183               In all the circumstances, and despite the quotations given to Ms Stratford and Mr Dorz, I consider that the price at which Specsavers was selling two pairs of spectacles with tailor-made lenses was $529 and for this reason the representation was false and misleading.  Just as some of The Optical Superstore’s sales assistants made mistakes, so did some of the Specsavers’s staff.  Specsavers should not be held to the odd, anomalous price.  Two pairs of the best quality multifocal glasses at The Optical Superstore were not over $100 cheaper than at Specsavers; they were over $86 cheaper.  Whether this difference is material is another matter but that question is for another day.

Conclusions

184               Specsavers has proved that the Standard TVC makes the following representations.

§                    That The Optical Superstore offered for sale at all its stores two pairs of a selection of Country Road frames with standard multifocal lenses for a cost of $292.50.

§                    That two pairs of standard multifocal glasses could be purchased from The Optical Superstore’s stores at $36 less than they could be purchased from a Specsavers’s store.

185               I am not satisfied that either of them is false or misleading.

186               The Tailor-made TVC represents that Specsavers’s standard multifocals are inferior to The Optical Superstore’s tailor-made spectacles (the representation as to quality) and that two pairs of The Optical Superstore’s tailor-made variety with anti-reflective coating and Country Road frames sell for more than $100 less than Specsavers’s sells 2 pairs of the best quality (or tailor-made) multifocals (the representation as to price). 

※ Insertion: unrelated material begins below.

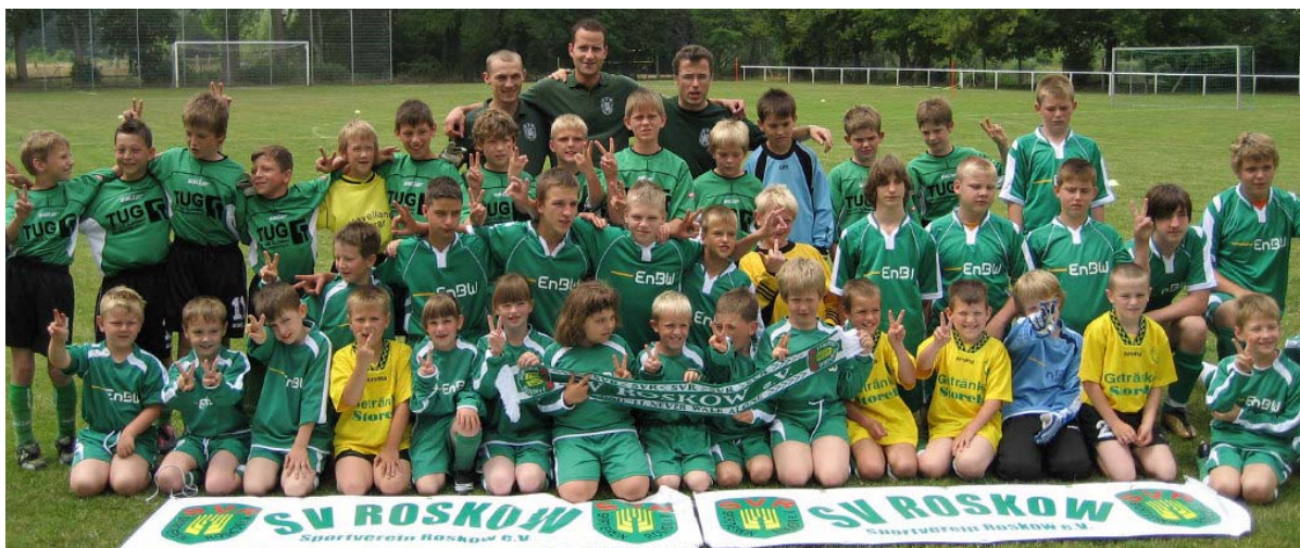
C-Junioren Jahrgang 1995/96

187               I am not satisfied that the representation as to quality is false or misleading but I am satisfied that the representation that two pairs of the best quality multifocal glasses at The Optical Superstore were over $100 cheaper than at Specsavers is false.

Orders

188               Having regard to my findings on the Standard TVC, I order that the injunctions originally granted by Edmonds J on 9 February 2010 be discharged. 


189               I will hear the parties further on the questions of relief and costs. 

I certify that the preceding            189 numbered paragraphs are a true copy of the Reasons for Judgment herein of the Honourable Justice Katzmann.